To the Editor:
We read with interest the article by Dutt and colleagues describing measurement of anti–factor Xa (FXa) activity in ward patients with coronavirus disease (COVID-19) as well as those requiring intensive care (1). The authors suggest that patients admitted to an ICU with COVID-19 may warrant a higher starting dose of pharmacological thromboprophylaxis, although the optimal dose in these patients is uncertain pending upcoming randomized controlled trials.
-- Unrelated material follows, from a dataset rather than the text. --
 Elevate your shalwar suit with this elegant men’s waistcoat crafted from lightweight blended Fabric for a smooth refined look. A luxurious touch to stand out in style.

Current guidelines from various medical societies suggest routine pharmacological thromboprophylaxis in patients with COVID-19. However, there is a lack of consensus on whether standard-dose or higher intermediate-dose thromboprophylaxis should be used (2–5). We would like to present our experience with measuring anti-FXa activity using a higher, weight-based dose of enoxaparin for thromboprophylaxis. This retrospective observational study was deemed exempt by our institutional review board.
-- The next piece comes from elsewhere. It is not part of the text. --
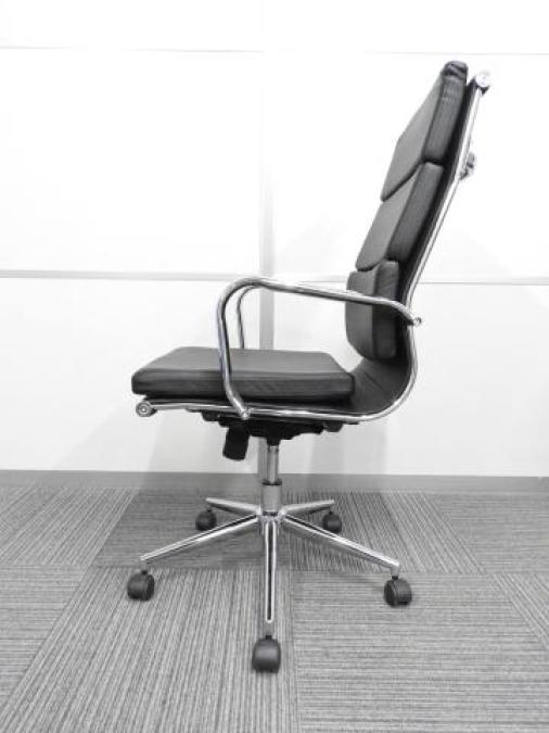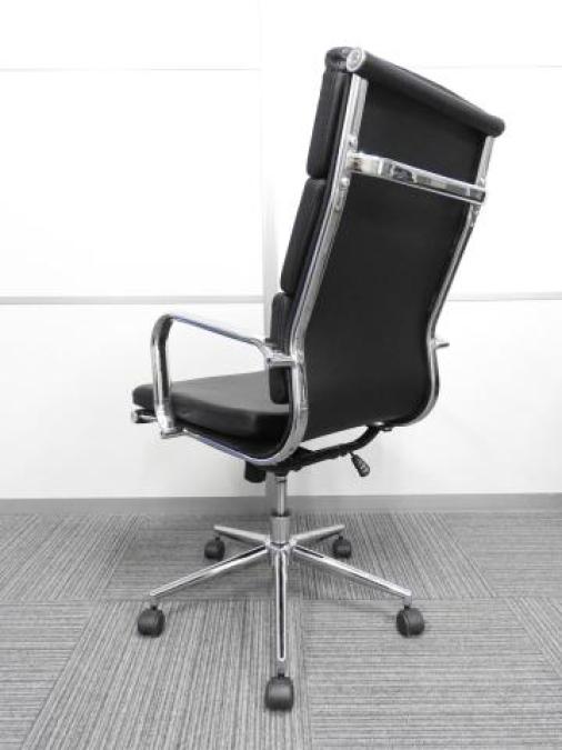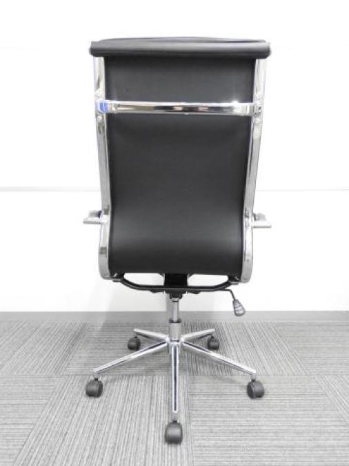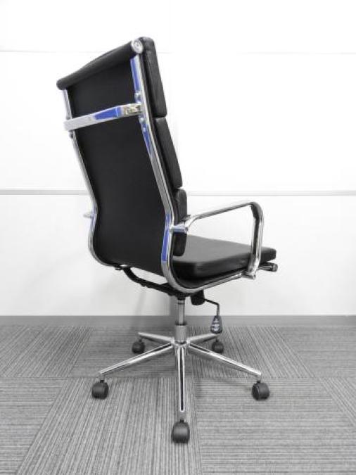 【ブラック×ポリッシュの上品デザイン!】■マネジメントチェア ハイバック 革張り- 川崎店

In early April, we noticed a high rate of thrombosis and thromboembolism among critically ill patients with COVID-19, an observation consistent with those in other institutions (6–8). Therefore, we adopted intermediate-dose thromboprophylaxis for critically ill patients with COVID-19 with enoxaparin (0.5 mg/kg twice daily), as described in Table 1, as our new standard of care. The dosages were selected based on several single-center studies suggesting higher rates of attainment of target anti-FXa activity with higher-dose enoxaparin (9, 10). Importantly, the target anti-FXa activity for pharmacologic prophylaxis is not evidence based, and adjusting doses to provide higher attainment of target activity was not demonstrated to improve clinical outcomes.
Table 1.
Institutional Guidelines
| Creatinine Clearance | VTE Prophylaxis Dosing for COVID-19 in Critically Ill |
|||
|---|---|---|---|---|
| <50 kg | 50–69 kg | 70–79 kg | ≥80 kg | |
| ≥30 ml/min | Enoxaparin 30 mg, s.c., q24h | Enoxaparin 30 mg, s.c., q12h | Enoxaparin 40 mg, s.c., q12h | Enoxaparin 0.5 mg/kg, s.c., q12h, rounded to nearest syringe size |
| ≤30 ml/min but not hemodialysis | Enoxaparin 30 mg, s.c., q24h |
Enoxaparin 40 mg, s.c., q24h | Enoxaparin 0.5 mg/kg, s.c., q24h, rounded to nearest syringe size | |
| Hemodialysis | Do not use enoxaparin; use heparin 5,000 U, s.c., q8–12h | Enoxaparin 30 mg, s.c., q24h | ||
Definition of abbreviations: COVID-19 = coronavirus disease; FXa = factor Xa; q24h = once every 24 h; VTE = venous thromboembolism.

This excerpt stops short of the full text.